For several decades, IP addresses were divided into the five categories listed in Fig. 5-55. This allocation has come to be called classful addressing.Itisno longer used, but references to it in the literature are still common. We will discuss the replacement of classful addressing shortly.

Figure 5-55. IP address formats.

The class A, B, C, and D formats allow for up to 128 networks with 16 million hosts each, 16,384 networks with up to 64K hosts, and 2 million networks (e.g., LANs) with up to 256 hosts each (although a few of these are special). Also supported is multicast, in which a datagram is directed to multiple hosts. Addresses beginning with 1111 are reserved for future use. Over 500,000 networks are now connected to the Internet, and the number grows every year. Network numbers are managed by a nonprofit corporation called ICANN (Internet Corporation for Assigned Names and Numbers) to avoid conflicts. In turn, ICANN has delegated parts of the address space to various regional authorities, which then dole out IP addresses to ISPs and other companies.

Network addresses, which are 32-bit numbers, are usually written in dotted decimal notation. In this format, each of the 4 bytes is written in decimal, from 0 to 255. For example, the 32-bit hexadecimal address C0290614 is written as 192.41.6.20. The lowest IP address is 0.0.0.0 and the highest is 255.255.255.255.

The values 0 and -1 (all 1s) have special meanings, as shown in Fig. 5-56. The value 0 means this network or this host. The value of -1 is used as a broadcast address to mean all hosts on the indicated network.

Figure 5-56. Special IP addresses.

The IP address 0.0.0.0 is used by hosts when they are being booted. IP addresses with 0 as network number refer to the current network. These addresses allow machines to refer to their own network without knowing its number (but they have to know its class to know how many 0s to include). The address consisting of all 1s allows broadcasting on the local network, typically a LAN. The addresses with a proper network number and all 1s in the host field allow machines to send broadcast packets to distant LANs anywhere in the Internet (although many network administrators disable this feature). Finally, all addresses of the form 127.xx.yy.zz are reserved for loopback testing. Packets sent to that address are not put out onto the wire; they are processed locally and treated as incoming packets. This allows packets to be sent to the local network without the sender knowing its number.

Subnets

As we have seen, all the hosts in a network must have the same network number. This property of IP addressing can cause problems as networks grow. For example, consider a university that started out with one class B network used by the Computer Science Dept. for the computers on its Ethernet. A year later, the Electrical Engineering Dept. wanted to get on the Internet, so they bought a repeater to extend the CS Ethernet to their building. As time went on, many other departments acquired computers and the limit of four repeaters per Ethernet was quickly reached. A different organization was required.
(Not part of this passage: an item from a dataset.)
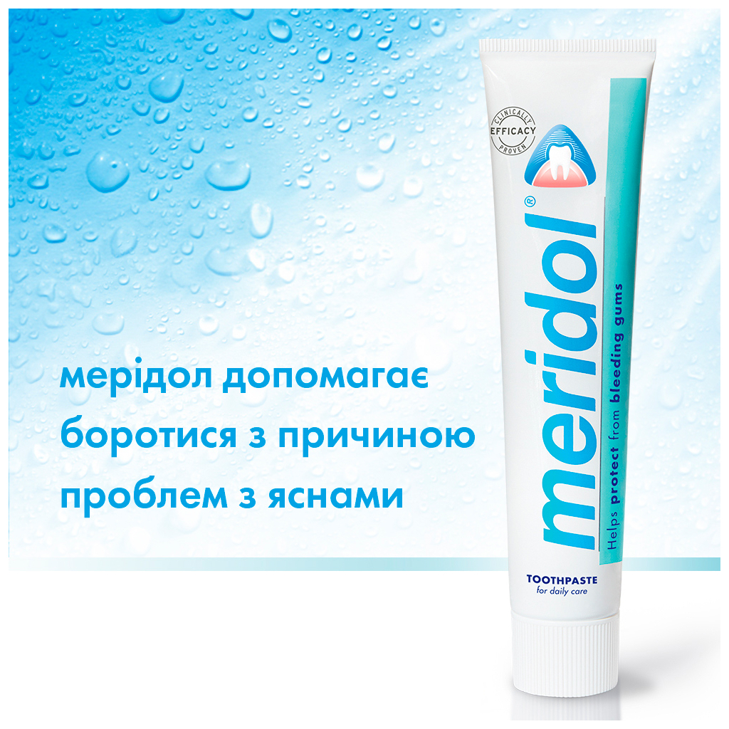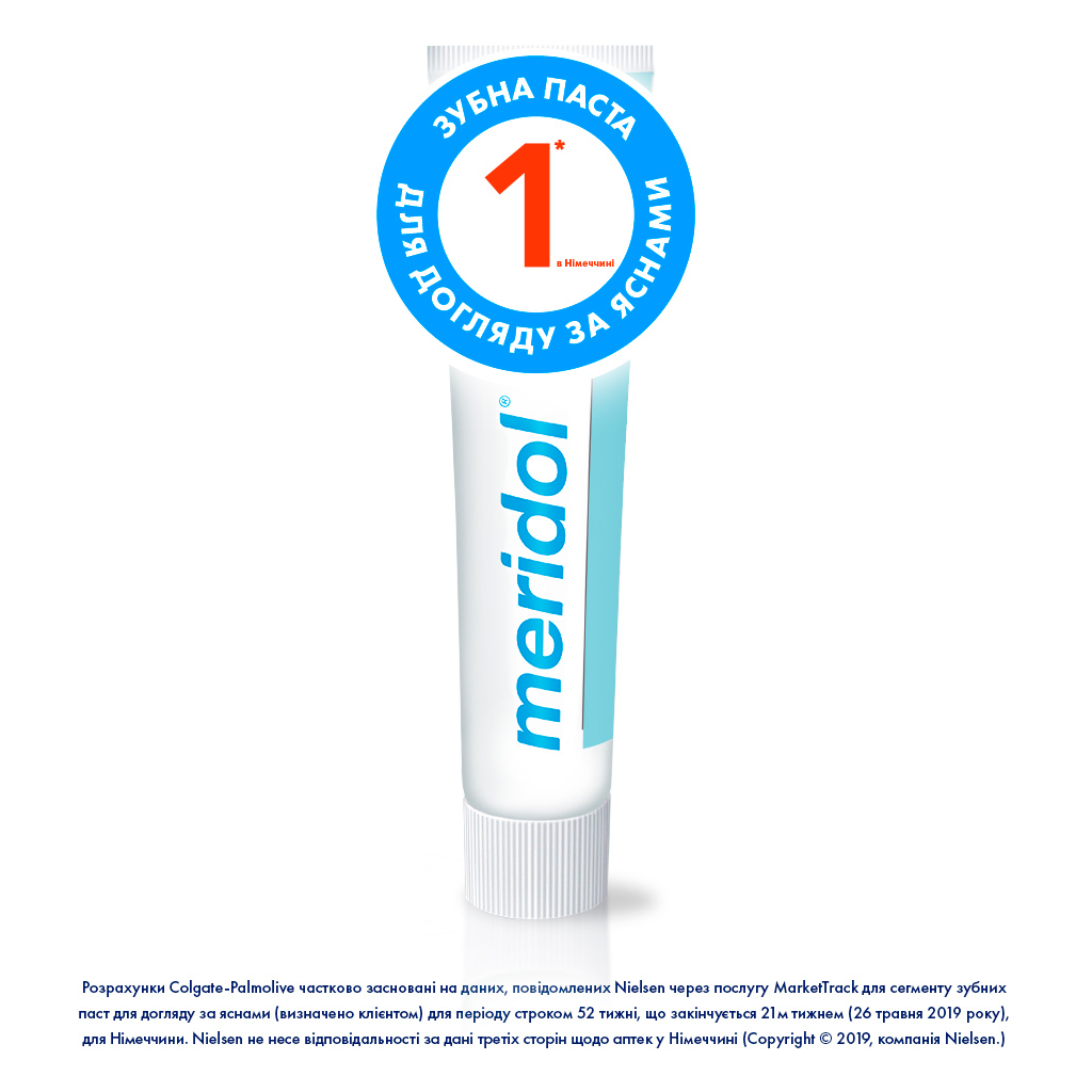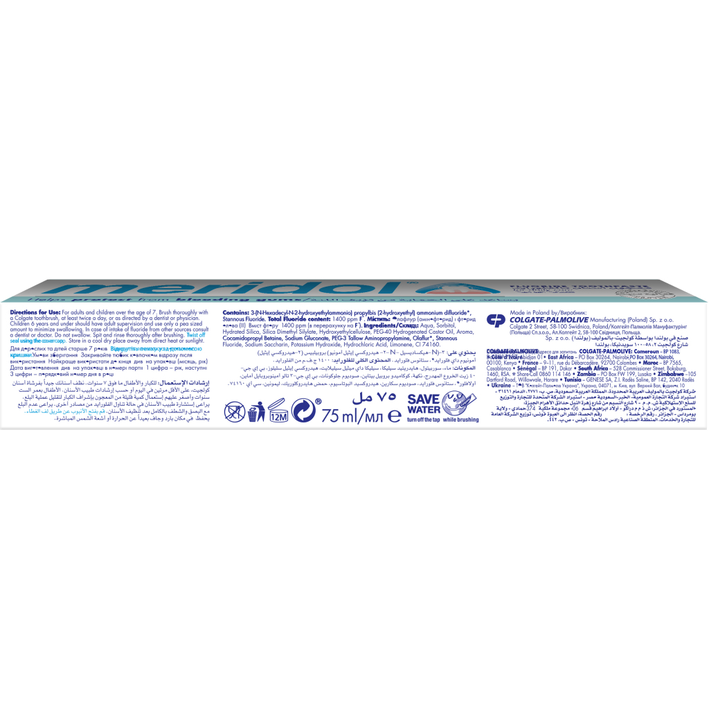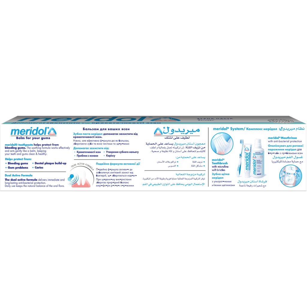 Основні технічні характеристики: Виробник: Meridol, Модель: від кровоточивості ясен 75 мл, Склад: містить олафлур (амінофторид) та фторид олова (II) з вмістом фтору 1400 ppm. Країна-виробник: Польща. Спосіб застосування: Невелику кількість пасти видавити на зубну щітку та чистити зуби 2-3 хвилини вранці та ввечері.

Getting a second network address would be hard to do since network addresses are scarce and the university already had enough addresses for over 60,000 hosts. The problem is the rule that a single class A, B, or C address refers to one network, not to a collection of LANs. As more and more organizations ran into this situation, a small change was made to the addressing system to deal with it.

The solution is to allow a network to be split into several parts for internal use but still act like a single network to the outside world. A typical campus network nowadays might look like that of Fig. 5-57, with a main router connected to an ISP or regional network and numerous Ethernets spread around campus in different departments. Each of the Ethernets has its own router connected to the main router (possibly via a backbone LAN, but the nature of the interrouter connection is not relevant here).

Figure 5-57. A campus network consisting of LANs for various departments.

In the Internet literature, the parts of the network (in this case, Ethernets) are called subnets. this usage conflicts with ''subnet'' to mean the set of all routers and communication lines in a network. Hopefully, it will be clear from the context which meaning is intended. In this section and the next one, the new definition will be the one used exclusively.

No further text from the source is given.